In today's edition:
* Ed Left of Airlock Alpha on what happened to the reruns of classic science fiction shows that were once on basic cable (e.g. on the Sci-Fi Channel, where science fiction is rarer than it once was). Inevitably, this discussion touched on the tendency of channels to stray from their original, core programming (a point also touched on by CNN's Breeana Hare in "Who Killed the Music Video?").

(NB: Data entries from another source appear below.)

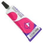
Colle à Bijoux Hasulith 30 ml Réf. : OUTIL-007 Quantité : 1
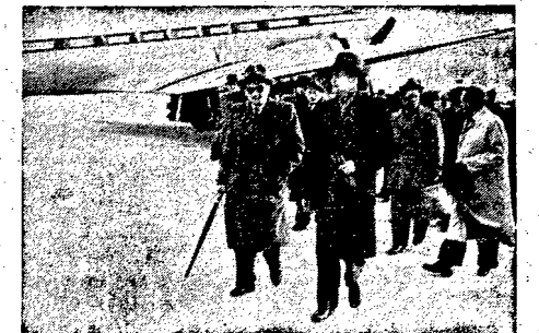
Do Warszawy przybył czeskosłowacki minister Onieki Spolecnej, Erhan Widziny (po prawej) w towarzyszyście ministra Pracy i Op. Społecznej, Kuzinka, na lotnisku na Okęcu. W dn. 5 b. m. nastąpiło podpisanie umowy polsko-czeskosłowackiej o współpracy w dziedzinie społecznej.
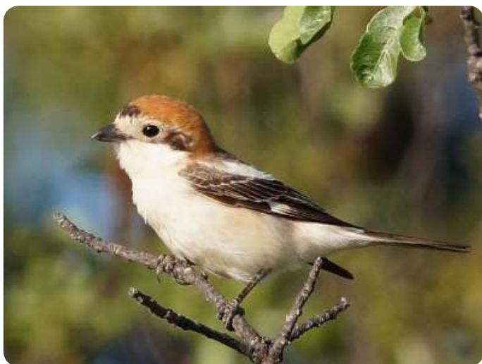
Roodkopklauwier
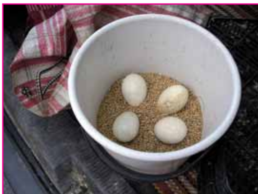
Vajíčka čápi rodinky.
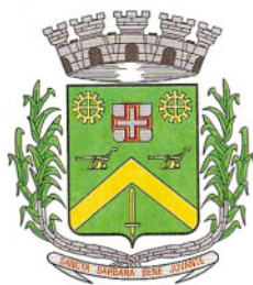
TABELA ANEXA AO DECRETO Nº 3.855/2008
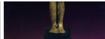
Ptah, bůh řemeslník

jakémsi intelektuálním pozadí hmotného světa a jeho zákonitostí. Toto intelektuální pozadí poskytl egypt'anům Ptah, který byl jako bůh řemeslník k přenášení samotných myšlenek do beztvaré materie nejlépe kvalifikován. V Bibli tento koncept nalezneme v Janově evangeliu, když čteme, že „na počátku bylo Slovo“ 28 .

The point Left makes is the obvious one, which I've written about before at length, namely that cable channels have shifted from being niche markets to trying to snap up the biggest slices of the viewing pie they obviously can-while the niche stuff ends up on the web.
* Time Magazine's "10 Ideas for the Next 10 Years," a bit of pop futurism that I found trite for the most part, but which included an interesting piece by Michael Lind on "The Boring Age"-in which our technohype is put into perspective and the future is made out to be less futuristic than anticipated.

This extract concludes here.